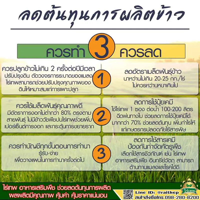 การใช้ไร่เทพ อาหารเสริมพืช ซึ่งจะต้องใช้ในอัตราและระยะเวลาให้ตรงตามความต้องการของต้นข้าวหรือคำแนะนำ และ ต้องใส่ตามชนิดของพันธุ์ จะสามารถลดค่าใช้จ่ายได้ พร้อมลดปริมาณปุ๋ยที่ใช้ลงจากเดิมมากกว่า 70% และถ้าใช้ไร่เทพตามคำแนะนำจะช่วยลดค่าใช้จ่ายในการใช้สารป้องกันกำจัดโรคและแมลงศัตรูพืชได้ด้วย
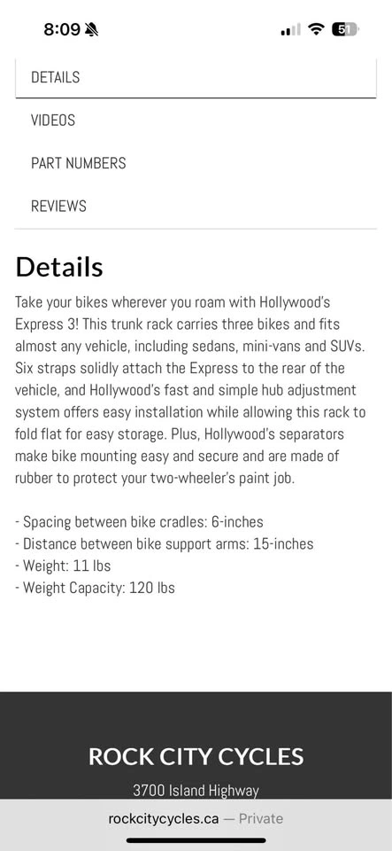 10Take your bikes wherever you roam with Hollywood's Express 3! This trunk rack carries three bikes and fits almost any car. Six straps solidly attach the Express to the rear of the vehicle, and Hollywood's fast and simple hub adjustment system offers easy installation while allowing this rack to fold flat for easy storage.
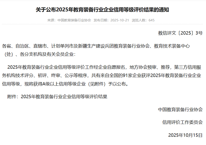 2025年10月,中國教育裝備行業協會公布《2025年教育裝備行業企業信用等級評價結果》。
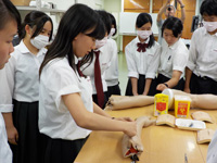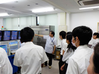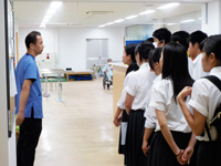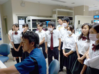 立命館守山高校との高大連携事業では、連続講義の「医療基礎セミナー」の中で、例年夏休みに1日実習と病院見学を実施しており、今年は8月3日(月)に上杉副校長先生の引率で24名の生徒が参加しました。
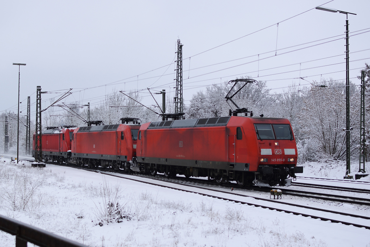 145 055, eine weitere 145 und 187 119 am Zugschluss fahren am 18. Februar durch Westerstetten Richtung Stuttgart.
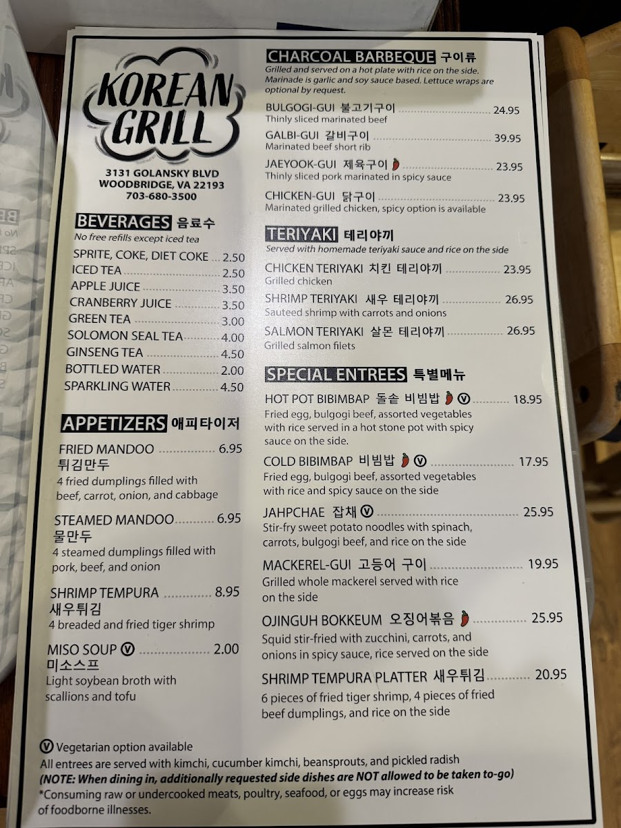 Korean Grill Menu

= = = = = = =

Instructions to follow:
Print all of the records shown above exactly, leaving out each picture.

Answer:
 การใช้ไร่เทพ อาหารเสริมพืช ซึ่งจะต้องใช้ในอัตราและระยะเวลาให้ตรงตามความต้องการของต้นข้าวหรือคำแนะนำ และ ต้องใส่ตามชนิดของพันธุ์ จะสามารถลดค่าใช้จ่ายได้ พร้อมลดปริมาณปุ๋ยที่ใช้ลงจากเดิมมากกว่า 70% และถ้าใช้ไร่เทพตามคำแนะนำจะช่วยลดค่าใช้จ่ายในการใช้สารป้องกันกำจัดโรคและแมลงศัตรูพืชได้ด้วย
 10Take your bikes wherever you roam with Hollywood's Express 3! This trunk rack carries three bikes and fits almost any car. Six straps solidly attach the Express to the rear of the vehicle, and Hollywood's fast and simple hub adjustment system offers easy installation while allowing this rack to fold flat for easy storage.
 2025年10月,中國教育裝備行業協會公布《2025年教育裝備行業企業信用等級評價結果》。
 立命館守山高校との高大連携事業では、連続講義の「医療基礎セミナー」の中で、例年夏休みに1日実習と病院見学を実施しており、今年は8月3日(月)に上杉副校長先生の引率で24名の生徒が参加しました。
 145 055, eine weitere 145 und 187 119 am Zugschluss fahren am 18. Februar durch Westerstetten Richtung Stuttgart.
 Korean Grill Menu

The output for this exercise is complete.